TRY IT: No pictures go in the copy. Restate, word for word, each line from the one containing "天然木製の脚部は、高さ約16" through the last line below.
--------------------
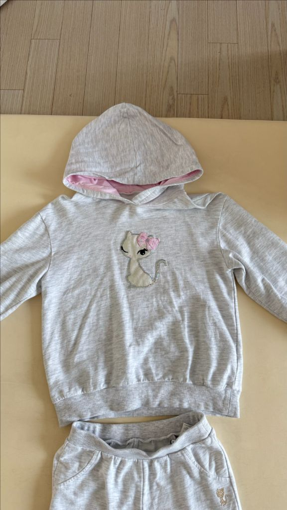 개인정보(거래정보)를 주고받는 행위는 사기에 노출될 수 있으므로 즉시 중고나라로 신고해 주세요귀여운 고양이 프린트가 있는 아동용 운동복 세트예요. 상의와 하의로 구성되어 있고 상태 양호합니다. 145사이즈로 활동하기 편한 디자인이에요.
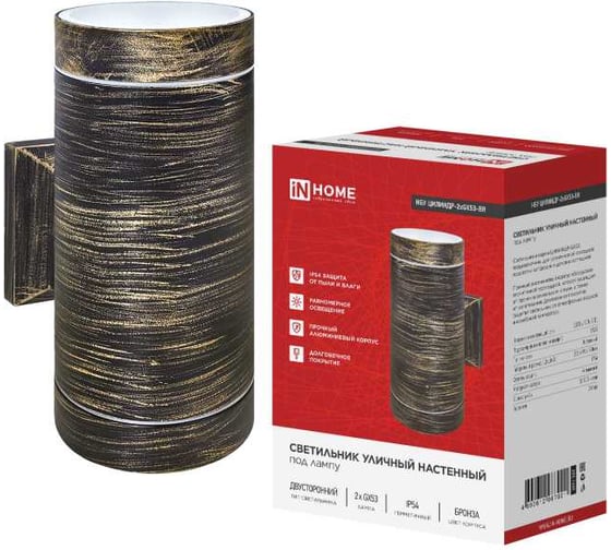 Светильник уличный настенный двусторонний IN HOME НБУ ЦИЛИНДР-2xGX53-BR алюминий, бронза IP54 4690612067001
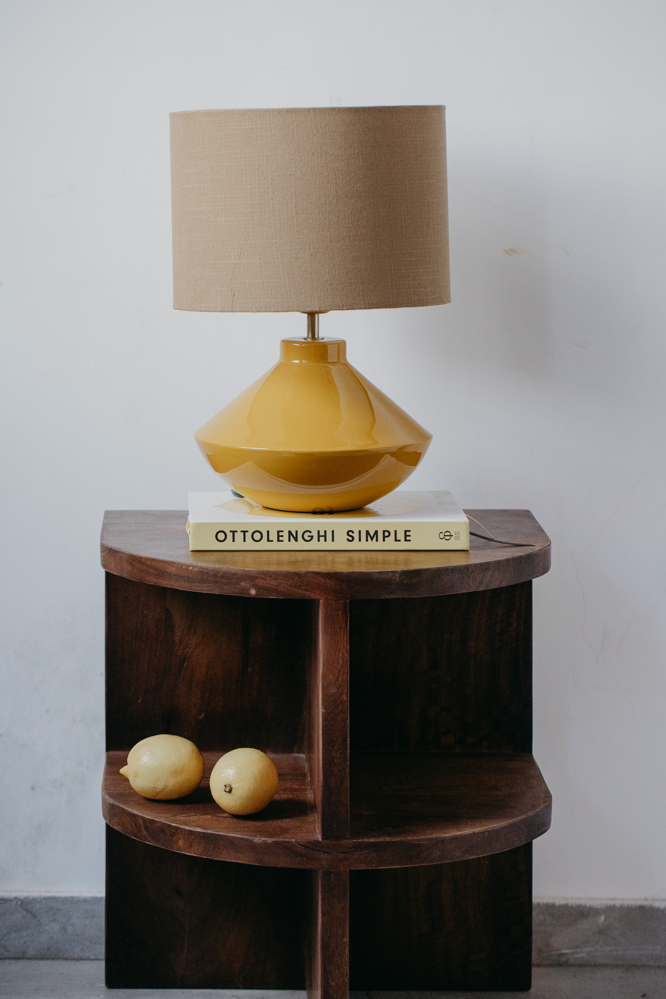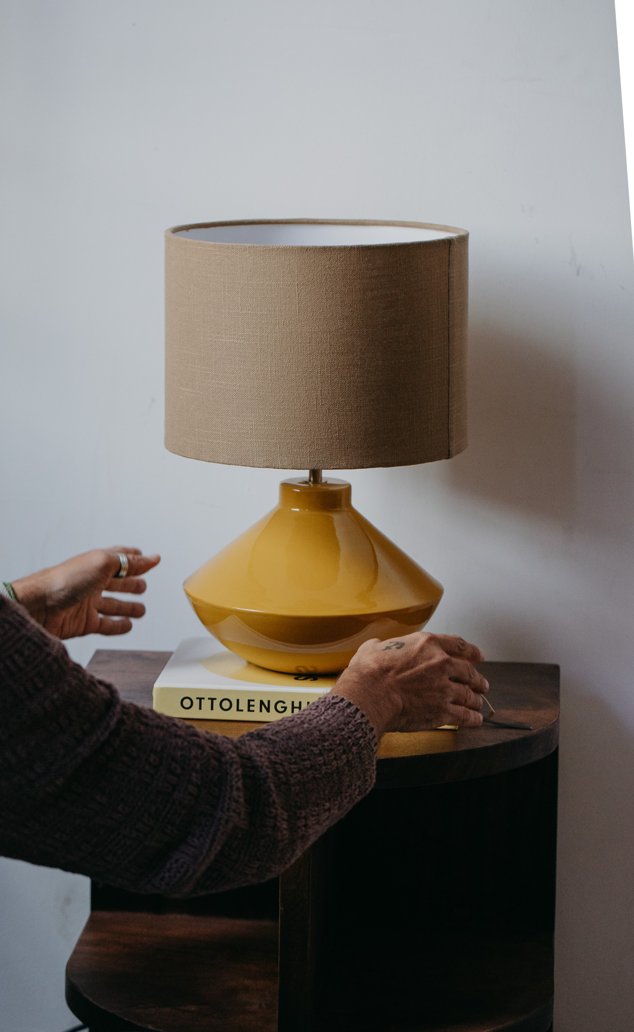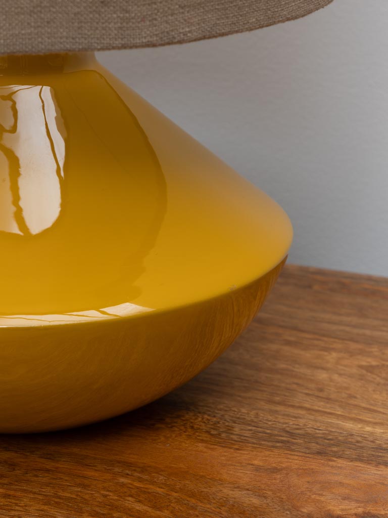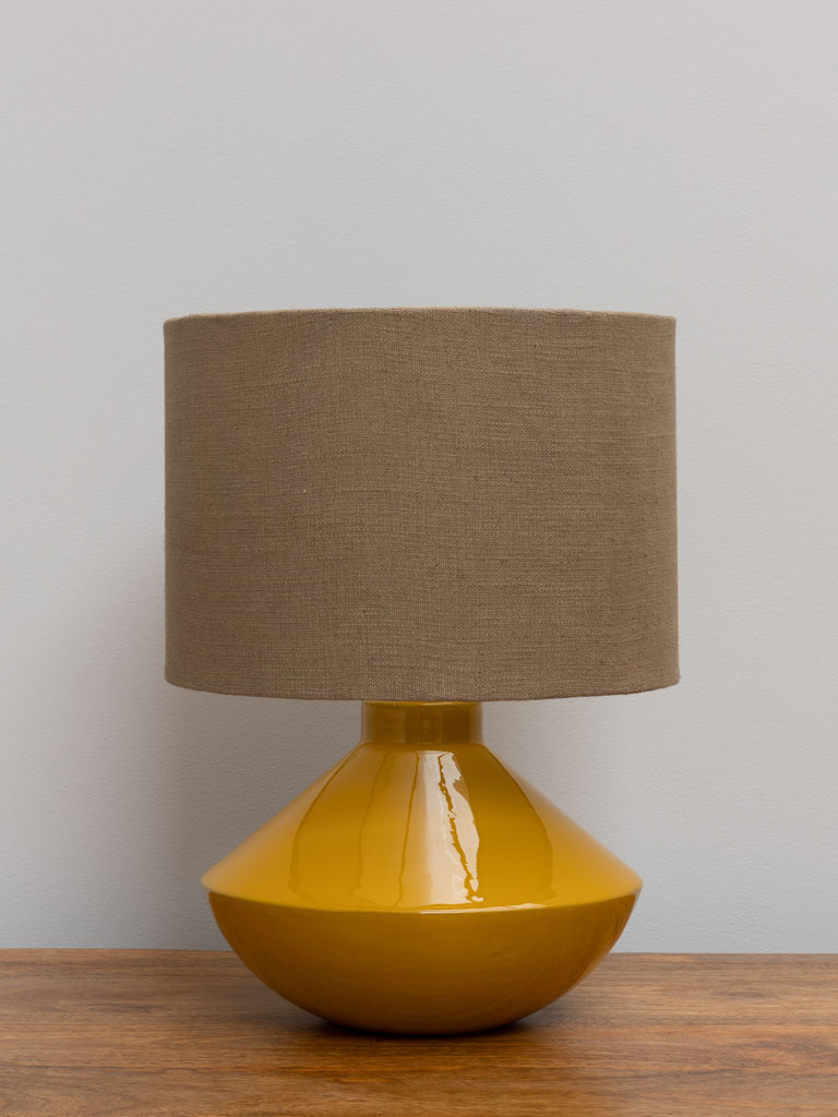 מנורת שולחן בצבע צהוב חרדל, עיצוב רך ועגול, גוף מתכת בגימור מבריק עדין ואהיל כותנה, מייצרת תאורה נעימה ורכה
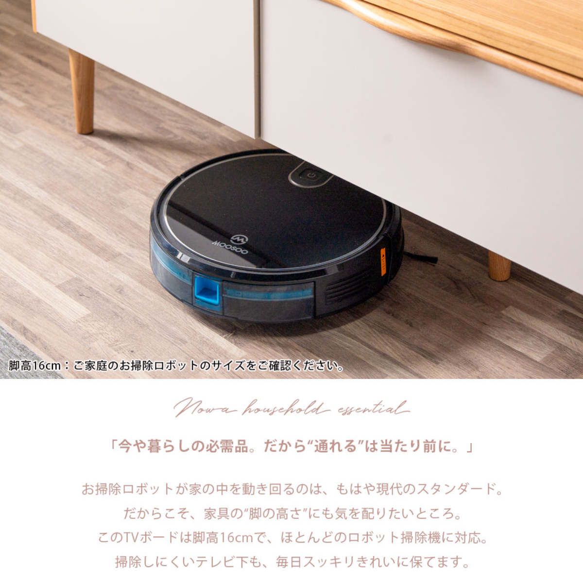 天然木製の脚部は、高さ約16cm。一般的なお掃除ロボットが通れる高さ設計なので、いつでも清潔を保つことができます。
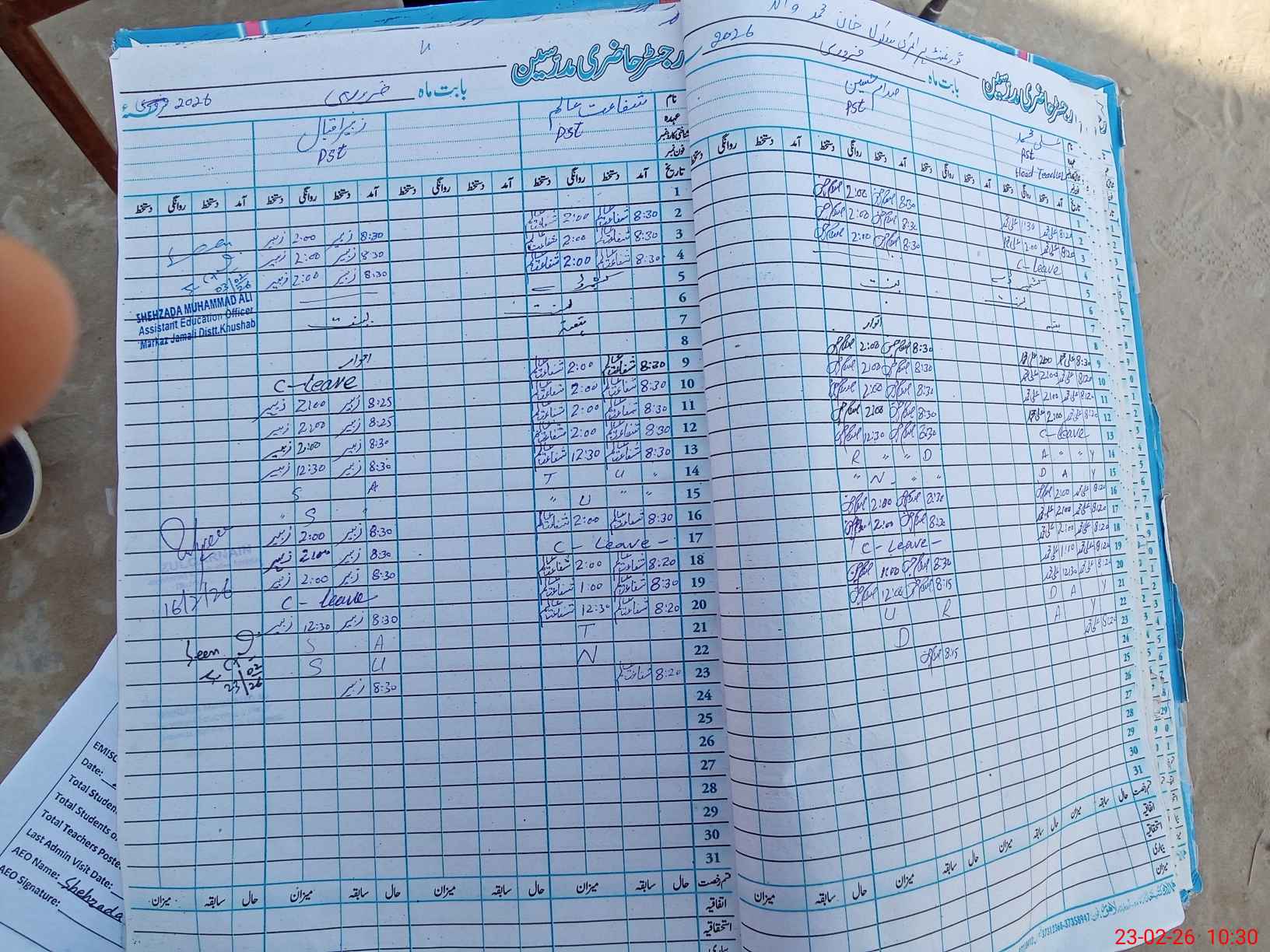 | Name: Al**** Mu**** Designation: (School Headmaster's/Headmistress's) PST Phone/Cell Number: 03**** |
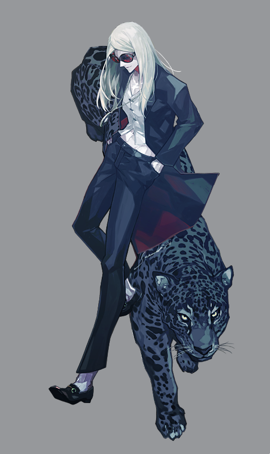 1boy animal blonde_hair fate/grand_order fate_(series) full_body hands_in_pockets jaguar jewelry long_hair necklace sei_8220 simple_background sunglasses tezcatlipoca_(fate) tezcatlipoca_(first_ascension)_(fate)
--------------------
EXPECTED ANSWER:
 天然木製の脚部は、高さ約16cm。一般的なお掃除ロボットが通れる高さ設計なので、いつでも清潔を保つことができます。
 | Name: Al**** Mu**** Designation: (School Headmaster's/Headmistress's) PST Phone/Cell Number: 03**** |
 1boy animal blonde_hair fate/grand_order fate_(series) full_body hands_in_pockets jaguar jewelry long_hair necklace sei_8220 simple_background sunglasses tezcatlipoca_(fate) tezcatlipoca_(first_ascension)_(fate)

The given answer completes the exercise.